# 625 collet nut thread



## woodman6083 (Dec 19, 2011)

I broke the collet nut on my dewalt 625 router. Does any one know what the thread is on the shaft 3/4x22 or what. I messed up the threads and want to get a die to recut them. tried every where else . Thanks for your help.


----------



## Phil P (Jul 25, 2010)

woodman6083 said:


> I broke the collet nut on my dewalt 625 router. Does any one know what the thread is on the shaft 3/4x22 or what.

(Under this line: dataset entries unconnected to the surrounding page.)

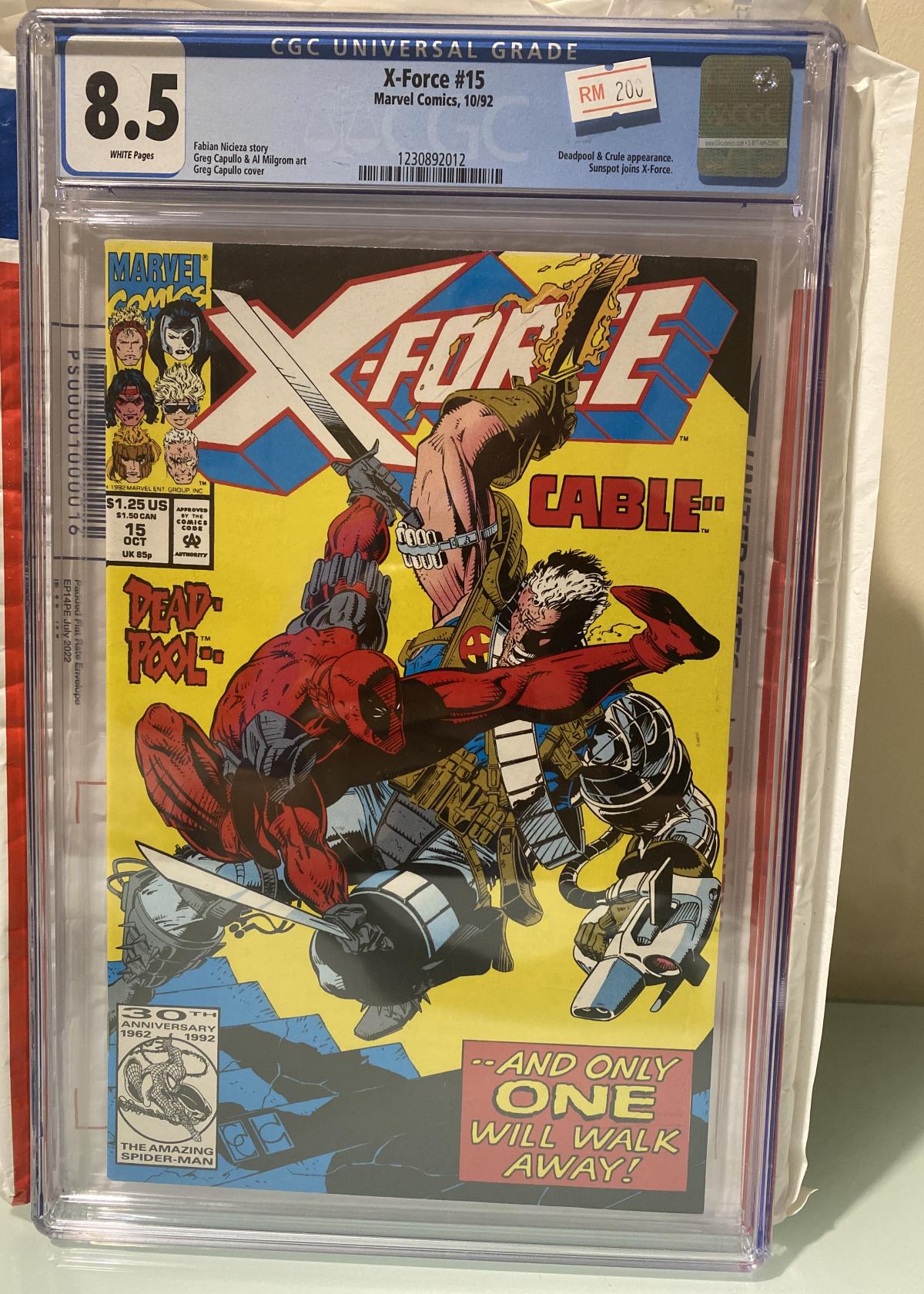 Special Sale : X-Force #15 CGC 8.5 VF+ Deadpool & Sunspot Key Issue Marvel 1992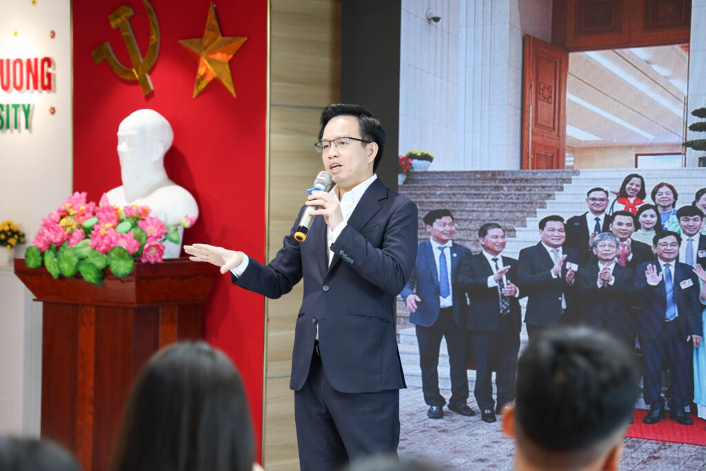 Ông Nguyễn Duy Ninh – Tổng giám đốc khối dịch vụ Tập đoàn Hồ Gươm – Phó Chủ tịch HĐT gửi lời chào mừng nồng nhiệt đến tân sinh viên K16, đồng thời nhấn mạnh khát vọng xây dựng môi trường học tập chất lượng, gắn kết với thực tiễn xã hội.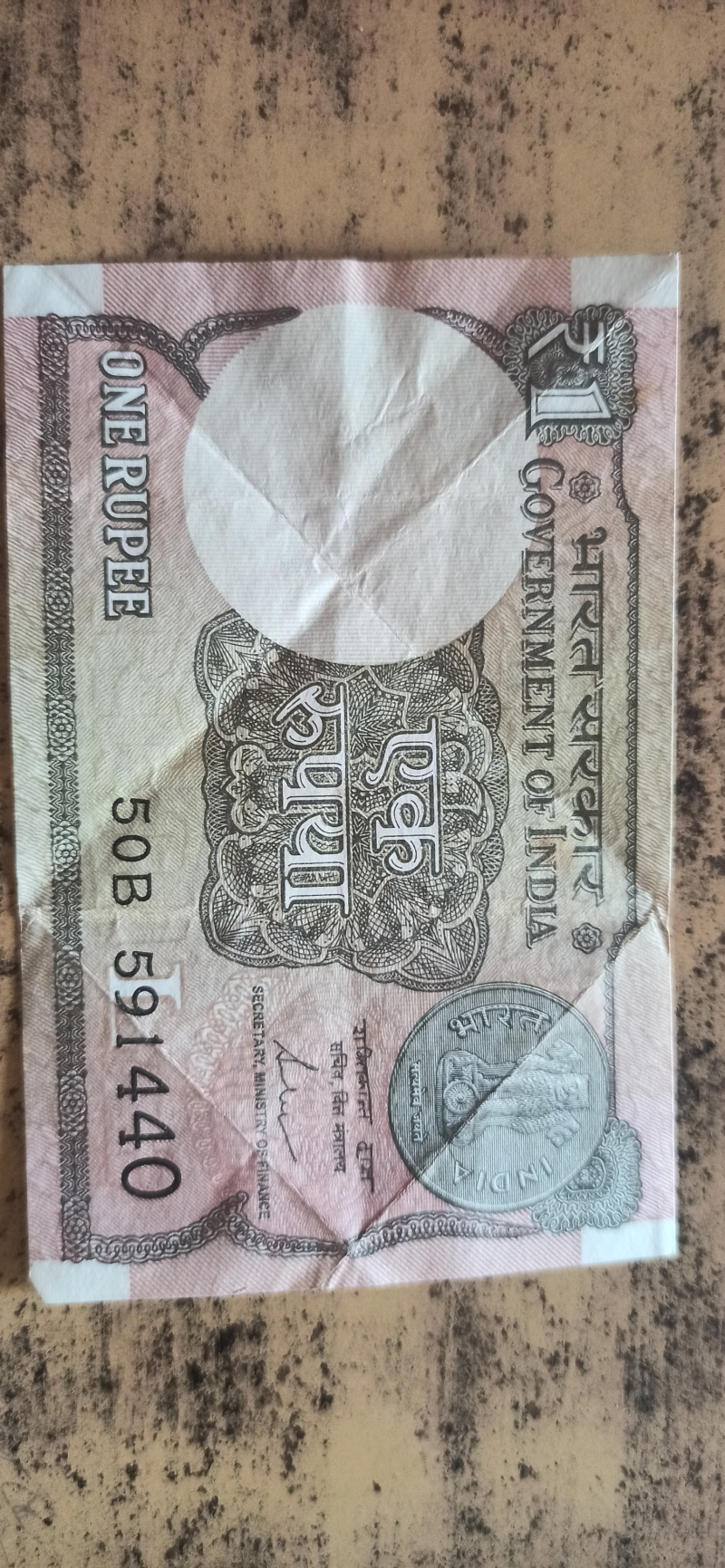 Old Indian currency one rupee note

Hi Dan and welcome to the forum!

The DW625 is a European design, so the threads are all metric. Sorry I can't help with the size. If nobody else answers I'll put a caliper on one of mine tomorrow and post the results (I think it's something like M18 x 1 from memory but I don't have a machine sitting here to check). The price of those dies over here is about what a new armature and shaft would cost

Regards

Phil


----------



## bobj3 (Jan 17, 2006)

HI Dan

Use the item below, it should have one in set that will do the job

Amazon.com: Nicholson 33024 Thread Restoring Files, 4-Piece: Home Improvement

OR

Nicholson 33024 Thread Restoring File Set with Pouch

OR
Ask a mate that is a auto mechanics most have a set in the tool box maybe he will let you use one for just a little bit.. 
But if his name is ????? ask him to do it for you..  but I would let you " borrow" my Snap-On set ..
http://buy1.snapon.com/catalog/item.asp?item_ID=56049&group_ID=1148

Size below
http://www.precisebits.com/products/equipment/er_colletnut.asp
====
===



woodman6083 said:


> I broke the collet nut on my dewalt 625 router. Does any one know what the thread is on the shaft 3/4x22 or what. I messed up the threads and want to get a die to recut them. tried every where else . Thanks for your help.


----------



## harrysin (Jan 15, 2007)

Now that's what I mean when I say that I learn something new every time I log onto the forum, I've never seen a set of thread restoring tools like that Bob.


----------



## bobj3 (Jan 17, 2006)

HI Harry

I'm a old gear head ,have many of my old tools in the shop they do come in handy, at one time it was Snap-On tools for me not routers.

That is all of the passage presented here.